▶ [Required work]:
Output exactly the lines from the line that has "Draw them with" through the last line of the data below, with no pictures.

▶ [Dataset extract]:
::::
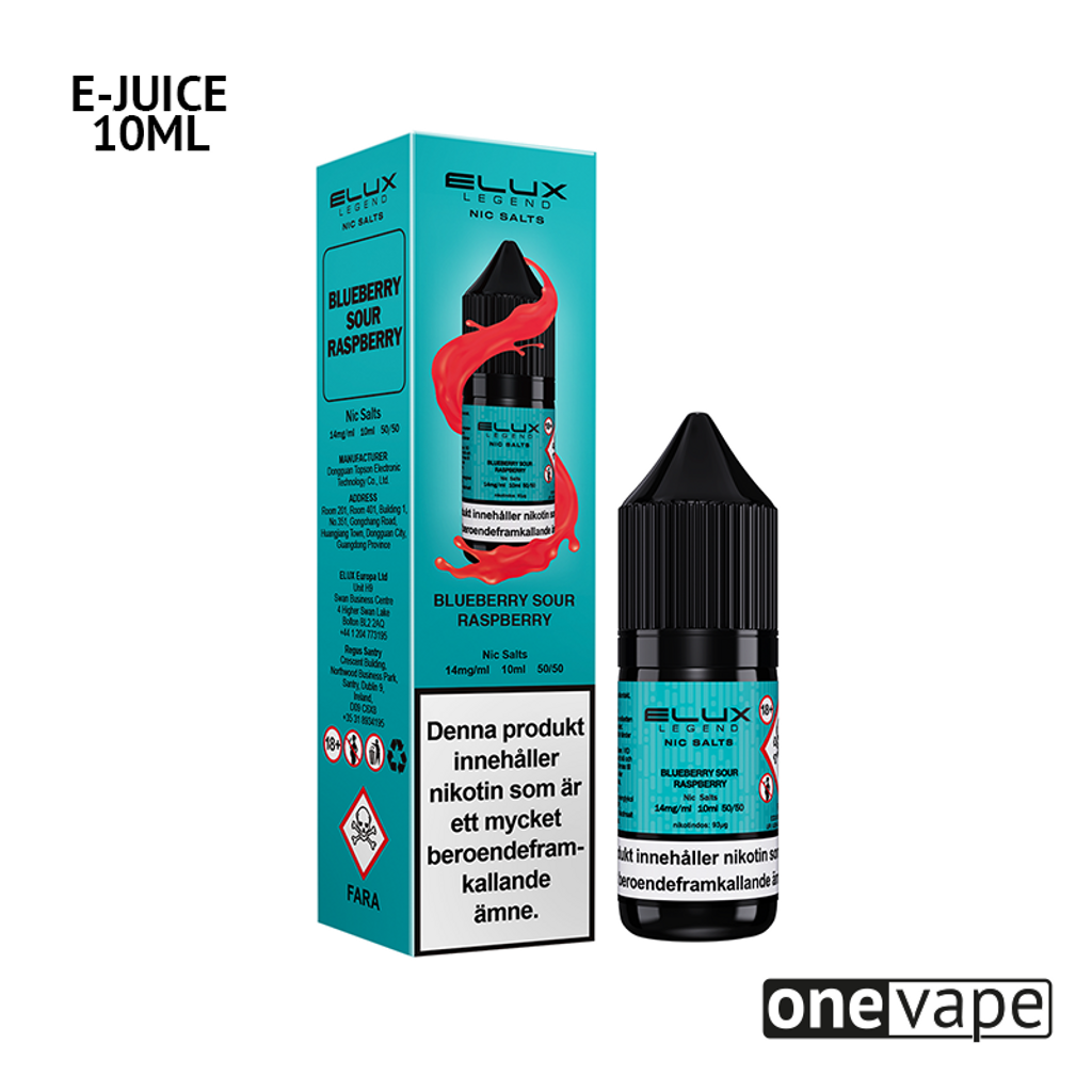 10ml E-juice med 14mg Nicsalt från Elux Legend med smak av blåbär och sura hallon.
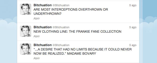El realizador, desde luego, ha decidido echar una partida de “Tuiteratura”. Además, algunas editoriales también juguetean con Twitter y publican sus avances editoriales en formato tuit y numerosos artistas se han lanzado a una carrera loca por publicar tuits dignos de apalancarse en una pared del Museo de Arte Moderno (Moma) de Nueva York. Quizás, ¿verdad? Hagan paso al tiempo.
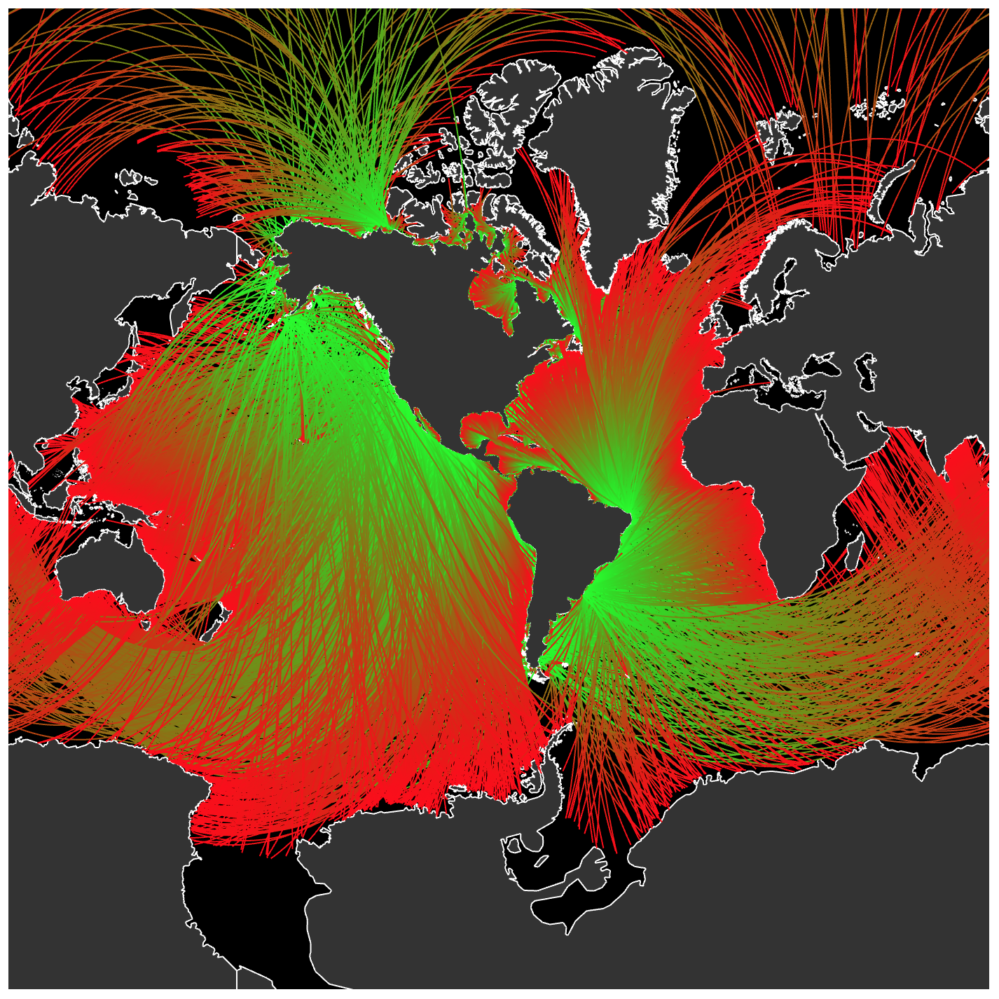 Draw them with GeoGraphics, using Vitaliy's favorite black&white mapstyle. The beginnings of the geodesics are represented in green, and their ends are in red color:
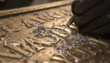 Gloved hand of a skilled artisan meticulously engraving intricate ornate patterns onto a gleaming piece of polished brass, showcasing craftsmanship and precision.
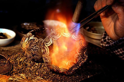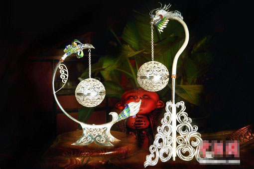国家级非遗成都银花丝 一米银筷拉丝千米不断 09 01, 2019 登载于 中国万象 成都银花丝始于宋代,迄今已有近2000年历史,并于2008年入选国家级非物质文化遗产名录。 银花丝制作工艺繁复,样式精美,主要包括设计、拉丝、搓丝、平填花丝、焊接等步骤。一根一米长的筷子粗细的银料可拉至1000米而不断,细度能与发丝相同。 工匠们根据设计图稿,将银丝搓至不同粗细,先制作出图形边框,再用不同的技法对中间的图纹进行填充和编织。整个过程均依赖手工,因此制作一副耳环都需要一周时间。 图示:拉成细丝的银料。 图示:工匠正在进行焊接。 图示:制作银花丝的工具。 图示:工匠正在根据设计图制作边框。 图示:精美的银花丝制品。 图示:精美的银花丝制品。 更多相关: « 唐代宝船的海上丝路系列⑥ 海南“早春茶”开采 国内外游客慕名前来品茗 »
::::
▶ [Finished task]:
 Draw them with GeoGraphics, using Vitaliy's favorite black&white mapstyle. The beginnings of the geodesics are represented in green, and their ends are in red color:
 Gloved hand of a skilled artisan meticulously engraving intricate ornate patterns onto a gleaming piece of polished brass, showcasing craftsmanship and precision.
国家级非遗成都银花丝 一米银筷拉丝千米不断 09 01, 2019 登载于 中国万象 成都银花丝始于宋代,迄今已有近2000年历史,并于2008年入选国家级非物质文化遗产名录。 银花丝制作工艺繁复,样式精美,主要包括设计、拉丝、搓丝、平填花丝、焊接等步骤。一根一米长的筷子粗细的银料可拉至1000米而不断,细度能与发丝相同。 工匠们根据设计图稿,将银丝搓至不同粗细,先制作出图形边框,再用不同的技法对中间的图纹进行填充和编织。整个过程均依赖手工,因此制作一副耳环都需要一周时间。 图示:拉成细丝的银料。 图示:工匠正在进行焊接。 图示:制作银花丝的工具。 图示:工匠正在根据设计图制作边框。 图示:精美的银花丝制品。 图示:精美的银花丝制品。 更多相关: « 唐代宝船的海上丝路系列⑥ 海南“早春茶”开采 国内外游客慕名前来品茗 »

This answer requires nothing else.